==== EXERCISE DATA
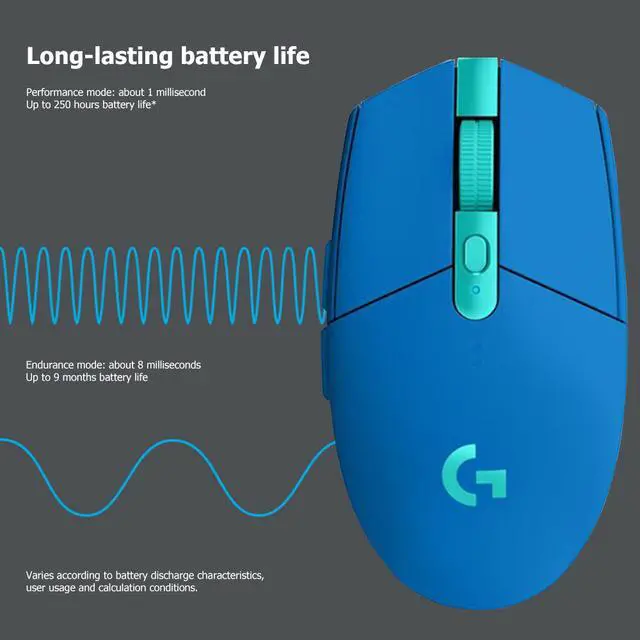 HERO sensor and LIGHTSPEED wireless deliver extreme efficiency to let you game for months. It delivers up to 250 hours run-to-die on just one AA battery. It can be adjusted to last up to 9 months of typical use in Endurance mode, which can be selected via Logitech G HUB. Tested on Logitech G240 Gaming Mouse Pad Logitech G HUB, as well as the indicator light on G304, will notify you when 15% of battery remains.
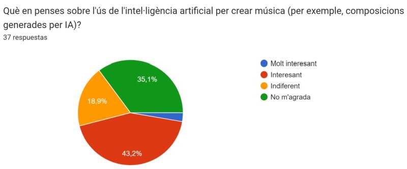 La setena pregunta és sobre que en pensen sobre l’ús de la intel·ligència artificial per crear música. El 43,2% va respondre que és interessant, el 35,1% no li agrada, al 18,9% li és indiferent i el 2,7% molt interessant.
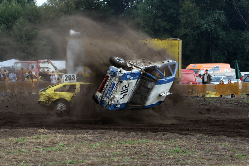 Das Bild der Woche kommt diesmal vom Motorsport. Am vergangenen Wochenende fand in Destel ein Stock-Car-Rennen statt. Dabei wurden alte Erinnerungen an die aktive Zeit geweckt. Im Gegensatz zu den meisten anderen Sportarten geht es hier nicht um Schnelligkeit. Vielmehr gibt es Punkte für eine gefahrene Runde, einen Dreher oder einen Überschlag, den man verursacht hat. Da war die Action natürlich vorprogrammiert.
========
• ACTIVITY: Output everything in the material exactly. Pictures stay out of it.

• REPLY TO THE EXERCISE:
 HERO sensor and LIGHTSPEED wireless deliver extreme efficiency to let you game for months. It delivers up to 250 hours run-to-die on just one AA battery. It can be adjusted to last up to 9 months of typical use in Endurance mode, which can be selected via Logitech G HUB. Tested on Logitech G240 Gaming Mouse Pad Logitech G HUB, as well as the indicator light on G304, will notify you when 15% of battery remains.
 La setena pregunta és sobre que en pensen sobre l’ús de la intel·ligència artificial per crear música. El 43,2% va respondre que és interessant, el 35,1% no li agrada, al 18,9% li és indiferent i el 2,7% molt interessant.
 Das Bild der Woche kommt diesmal vom Motorsport. Am vergangenen Wochenende fand in Destel ein Stock-Car-Rennen statt. Dabei wurden alte Erinnerungen an die aktive Zeit geweckt. Im Gegensatz zu den meisten anderen Sportarten geht es hier nicht um Schnelligkeit. Vielmehr gibt es Punkte für eine gefahrene Runde, einen Dreher oder einen Überschlag, den man verursacht hat. Da war die Action natürlich vorprogrammiert.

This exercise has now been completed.